I shoot a Remington 1187 sp 28" barrel


----------



## superdutyturbo (Oct 8, 2008)

I shoot a Browning Gold Hunter 28" barrel with briley extended light mod choke tube. It is a wood stock and a solid gun. I also have a 870 that I beat around with every now and then.


----------



## LKennamer (Oct 8, 2008)

*thought i might be first*

but I guess i'll be second, Winchester SuperX2 3.5, but I usually shoot 3s in it instead, patterns better and doesn't kick quite as much.  Mine's black synethic, won it at an NWTF banquet in Mississippi years ago in a 52 card raffle ($25 bucks a card, I bought one).  Pretty good return on the investment, I thought.


----------



## stiles1682 (Oct 8, 2008)

Ill be third with the SuperX2.  Turkeys too.  doves too.  quail also.  rabbits too, and ,well just anything!


----------



## bow_hunter125 (Oct 8, 2008)

waterdogs said:


> Benelli nova. I love this gun.



Me too!  It's a GREAT gun!


----------



## emusmacker (Oct 9, 2008)

I like the stoeger M2000 in max4 camo or my Remington 1187 special purpose. Also use my old faithful 870 express.


----------



## Gut_Pile (Oct 9, 2008)

870 supermag


----------



## KILLDUX (Oct 9, 2008)

SBE II W/Kicks Extra Full or Full. Kent Faststeel BB or #2.


----------



## kmoody (Oct 9, 2008)

I use el cheapo Stoeger o/u. I sent it off and got it camo.
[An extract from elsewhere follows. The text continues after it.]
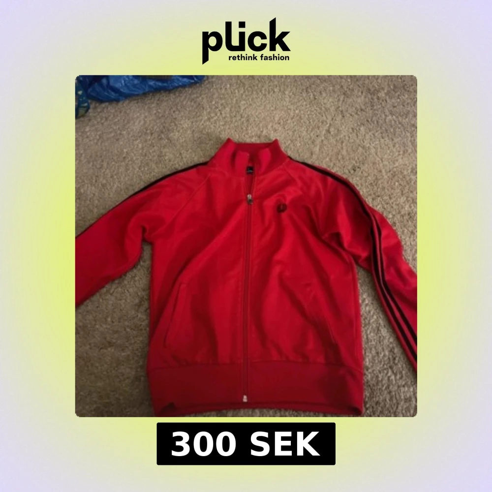 Säljer en klassisk röd track jacket från Fred Perry med svarta ränder längs ärmarna och broderad logga på bröstet. Jackan har dragkedja framtill, ståkrage och ribbade muddar. Perfekt för en sportig och stilren look. Ca Stl M

This gun shoots one of the best patterns of any gun i ever shot.  12 ga  26" Briley extended choke in light modified


----------



## Slings and Arrows (Oct 10, 2008)

I retired my Winchester model 12 (and lead shot) and now shoot the 1300.  I have a Beneli SBE but it is a fair weather gun.


----------



## QUACKHEAD (Oct 10, 2008)

M2 With A Briley Light Mod


----------



## huntermallard (Oct 11, 2008)

Extrema 2


----------



## 8pointduck (Oct 23, 2008)

My Franchi 912 waterfowl widowmaker.......................or my M1 Benny


----------



## Chippewa Partners (Oct 23, 2008)

A391 Xtrema 2,  28 inch barrel, Max 4


----------



## RBoleman (Oct 28, 2008)

super black eagle 2


----------



## muckalee (Oct 29, 2008)

Call me old school. Belgium Browning A5 "Magnum 12"


----------



## MrgreenJeans (Oct 29, 2008)

I guess i am fourth with the super X2. Seems to be a solid gun with low recoil for 3.5".


----------



## HALOJmpr (Nov 1, 2008)

I guess I'm the only SKB here so far   I did trade the old mossberg 9200 and I bought a Nova.  Haven't hunted with it yet but I hate getting the SKB to "hunted and dinged" so it's going out this year.


----------



## Workin2Hunt (Nov 3, 2008)

Beretta 391 Extrema 2 here as well.


----------



## GAMHUNTER35 (Nov 3, 2008)

.17 hmr with  scope an  hollow pts lol


----------



## Bubba_1122 (Nov 7, 2008)

Benelli M90


----------



## doublelungdriller (Nov 10, 2008)

benelli - super black eagle 2 fully camo. awesome gun!


----------



## Quack-Wacker (Nov 12, 2008)

Beretta 390 or Remington 870 full choke


----------



## Daffyblaster (Nov 13, 2008)

Spartan O/U 12ga with extended chokes. Nothing like two chokes to choose from. I love when DNR asks to check my gun for a plug! This gun is my alltime favorite so far.


----------



## 10gaMafia (Nov 17, 2008)

Browning 10ga BPS with full patternmaster choke, they have no choice but to die......


----------



## NREMTP7819 (Nov 17, 2008)

Beretta 3901 NRA Edition


----------